Glycosides are polymers of monosaccharides and molecule (s) not the carbohydrate Aglycone:
- O-glycosides in which an alcohol (-OH) of the aglycone involved in sacharide binding.
- N-glycosides in which an amine (-N =) of the aglycone involved in sacharide binding
- S-glycosides in which a thiol (-SH) of the aglycone involved in saccharide binding.
Carbohydrate Derivative Compounds
Fructose Ketohexose, is Cyclized by reaction between carbon 1 and 4, this form is derived from furan, furan is the form (Figure 3). Glucose but also the D-glucofuranose is not stable and is rapidly becoming D-glucopyranose. The dare is cyclizing furan form (furanose) are:
- The ribose giving ribofuranose.
- The 2-deoxyribose 2-giving desoxyribofuranose.

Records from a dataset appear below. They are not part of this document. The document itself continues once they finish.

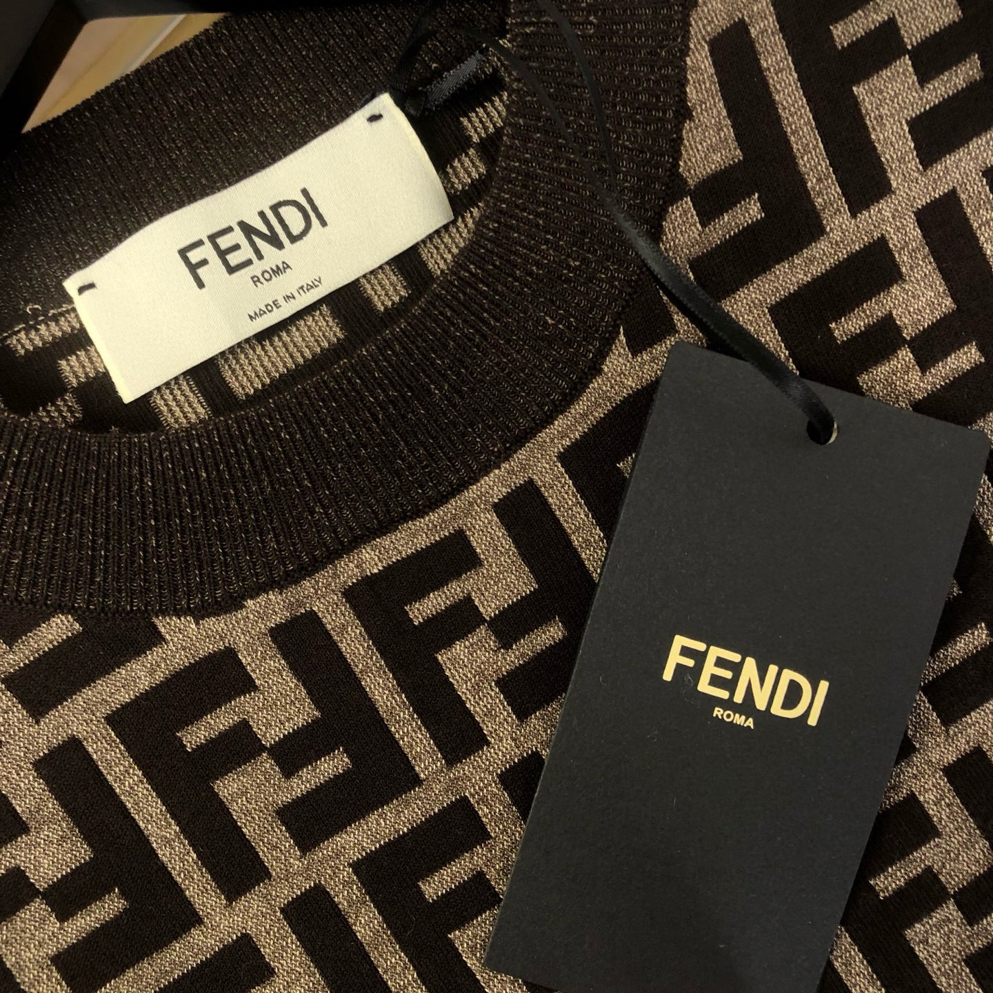这款衣服是AAAAA 1:1 质量 (非常棒). 使用了和原版一模一样的材料. 商标部分也保持了和芬迪/Fendi一样. 图片拍摄是实物衣服拍摄, 您所收到的实物保证和我们图片一模一样.
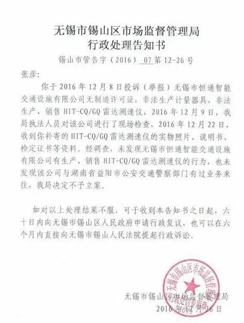 根据徐先生和媒体的调查,发现雷达测速仪是由无锡市恒通智能交通设施有限公司生产,但是该公司的注册地址竟然是民宅,而房主也否认与这家公司有关。不过,负责采购的部门并非从生产厂家直接进货,而是从第三方经销商手中购买。
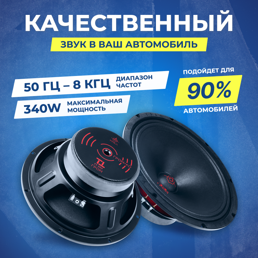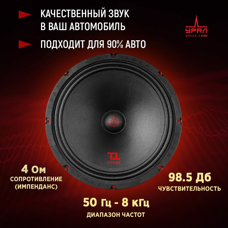 Колонки автомобильные Ural ТТ 250 гром (без решетки) 340Вт 98.5дБ 4Ом 25см (10дюйм) (ком.:2кол.) среднечастотные однополосные
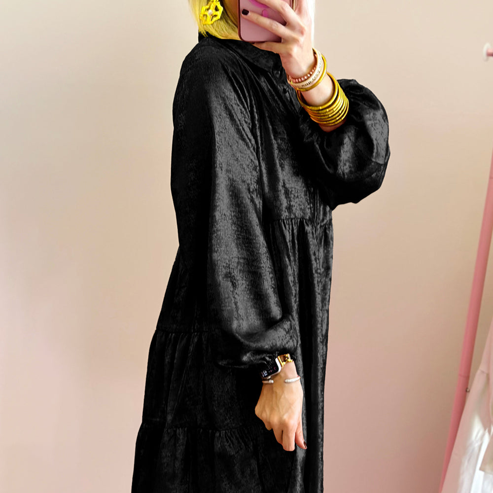- The mini shirt dress is a glamorous choice for any special occasion.
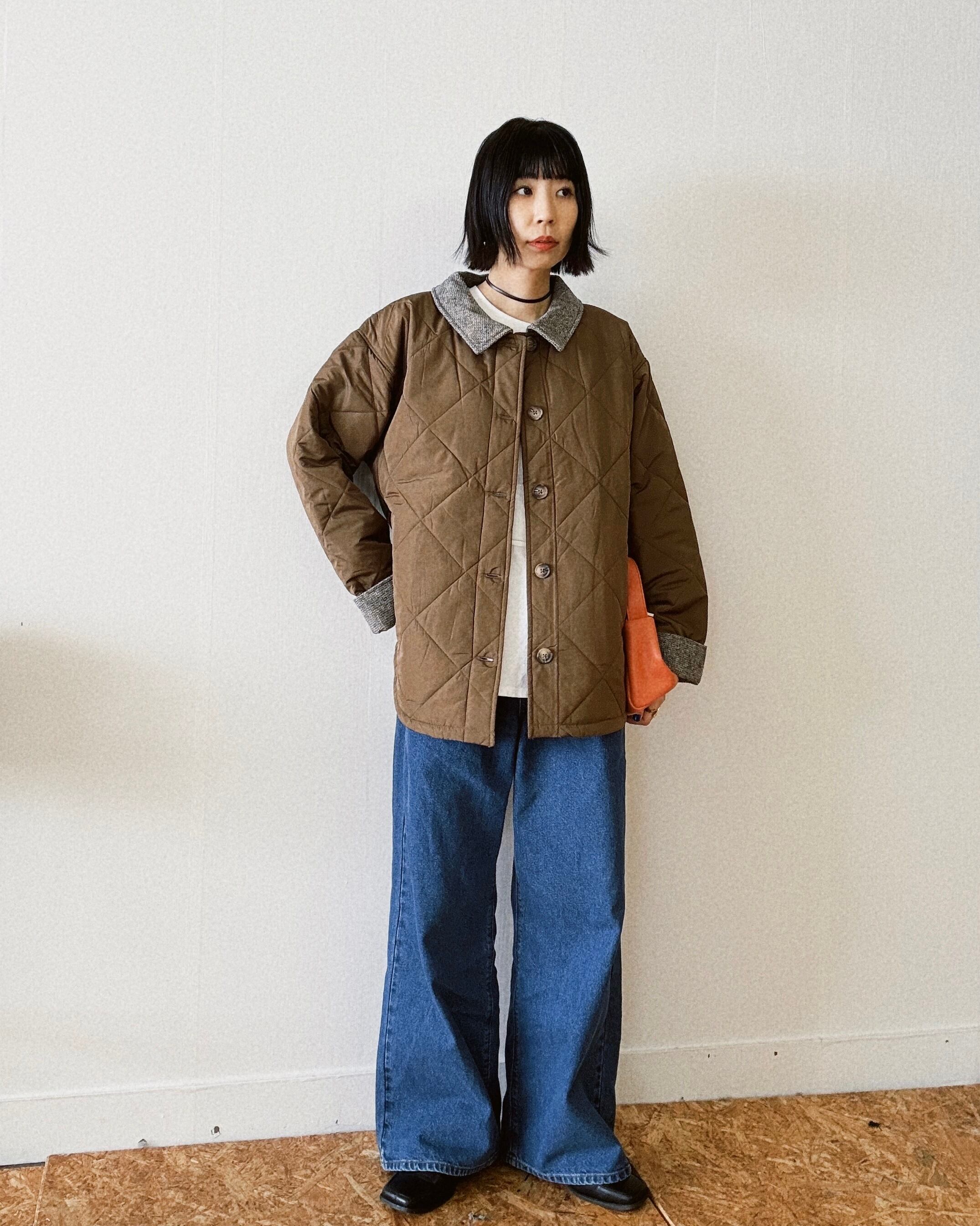 軽量の薄中綿ダイヤキルトに、袖口と襟元のクラシックなヘリンボーン柄がカジュアルさを上品に引き締めてくれます。

- Fructose giving fructofuranose.
- Generally, it is Ketohexose.
The dare is cyclizing pyran form (Pyranose) are:
- Glucose giving glucopyranose.
- Galactose giving galactopyranose.
- Generally, it is Aldohexose.
How to Implement a Healthy Diet in Children
The rules of basic food are often rules of common sense.
Food and nutrition for children: dietary laws. Know the basic rules of food is helping the child manage his diet.
- Eat with pleasure.
- Eat sitting at the table.
- Eat with pleasure in calm and friendly.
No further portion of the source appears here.